Все романы в одном томе - Фрэнсис Скотт Фицджеральд
Николь Дайвер – ее загорелая спина походила на атласную мантию, украшенную жемчужным ожерельем, – искала в кулинарной книге рецепт цыпленка по-мэрилендски. На взгляд Розмари, ей было года двадцать четыре, ее лицо можно было бы назвать красивым в общепринятом смысле, если бы не странный эффект: словно бы поначалу оно было задумано по героическому канону – четкие, строгие пропорции, высокий ясный лоб, естественные краски и выразительная лепка черт, выдающая силу характера и скрытый темперамент, – все в соответствии с роденовскими образцами, а потом скульптор как будто отклонился в сторону миловидности до такой степени, что казалось: еще одно движение резца – и значительность облика будет непоправимо умалена. Отчаянная борьба скульптора с самим собой была особенно заметна в линии рта: даже в купидоновом, как у красавицы с журнальной обложки, бантике губ угадывались та же строгость и решительность, что и в остальных чертах.

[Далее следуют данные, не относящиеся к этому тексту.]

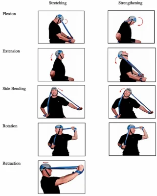 حرکات تقویت عضلات گردن مانند چرخش آرام شانهها به جلو و عقب، فشار دادن سر به دو طرف با دست و حرکات شانه انداختن

– Вы здесь надолго? – спросила Николь. Голос у нее был низкий, едва ли не грубый.
Розмари вдруг пришло в голову, что можно было бы задержаться на недельку.
– Не очень, – ответила она уклончиво. – Мы уже давно путешествуем: в марте высадились на Сицилии и медленно двигаемся на север. В январе на съемках я подхватила пневмонию и вот теперь восстанавливаю силы.
– Господи! Как это случилось?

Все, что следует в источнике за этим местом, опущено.